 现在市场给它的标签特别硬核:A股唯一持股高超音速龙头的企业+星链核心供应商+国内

○ ○ ○ ○ ○ ○ ○

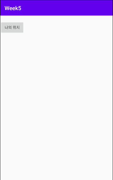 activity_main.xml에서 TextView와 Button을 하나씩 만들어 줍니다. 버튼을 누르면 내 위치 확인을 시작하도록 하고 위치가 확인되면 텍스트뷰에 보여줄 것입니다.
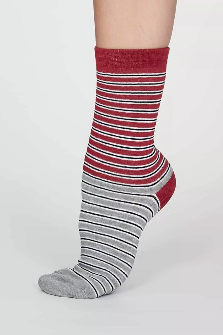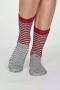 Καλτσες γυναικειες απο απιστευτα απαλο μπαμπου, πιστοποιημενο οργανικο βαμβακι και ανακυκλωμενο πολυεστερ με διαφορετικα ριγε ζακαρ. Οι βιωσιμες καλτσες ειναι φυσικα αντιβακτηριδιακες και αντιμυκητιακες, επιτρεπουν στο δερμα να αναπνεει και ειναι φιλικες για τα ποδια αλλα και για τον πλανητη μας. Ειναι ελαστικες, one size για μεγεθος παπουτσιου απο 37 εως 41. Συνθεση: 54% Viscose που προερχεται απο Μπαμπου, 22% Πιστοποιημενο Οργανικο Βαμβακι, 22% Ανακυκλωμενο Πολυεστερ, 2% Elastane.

○ ○ ○ ○ ○ ○ ○

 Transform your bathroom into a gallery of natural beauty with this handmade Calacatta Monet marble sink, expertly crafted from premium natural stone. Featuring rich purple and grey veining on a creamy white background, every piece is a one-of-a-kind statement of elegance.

○ ○ ○ ○ ○ ○ ○

* **Task to carry out**:
The data above holds the lines to copy: start at the one with "activity_main.xml에서 TextView와 Button을", stop at the one with "Καλτσες γυναικειες απο", include both, copy them exactly without pictures, and copy nothing else.

* **Completed task**:
 activity_main.xml에서 TextView와 Button을 하나씩 만들어 줍니다. 버튼을 누르면 내 위치 확인을 시작하도록 하고 위치가 확인되면 텍스트뷰에 보여줄 것입니다.
 Καλτσες γυναικειες απο απιστευτα απαλο μπαμπου, πιστοποιημενο οργανικο βαμβακι και ανακυκλωμενο πολυεστερ με διαφορετικα ριγε ζακαρ. Οι βιωσιμες καλτσες ειναι φυσικα αντιβακτηριδιακες και αντιμυκητιακες, επιτρεπουν στο δερμα να αναπνεει και ειναι φιλικες για τα ποδια αλλα και για τον πλανητη μας. Ειναι ελαστικες, one size για μεγεθος παπουτσιου απο 37 εως 41. Συνθεση: 54% Viscose που προερχεται απο Μπαμπου, 22% Πιστοποιημενο Οργανικο Βαμβακι, 22% Ανακυκλωμενο Πολυεστερ, 2% Elastane.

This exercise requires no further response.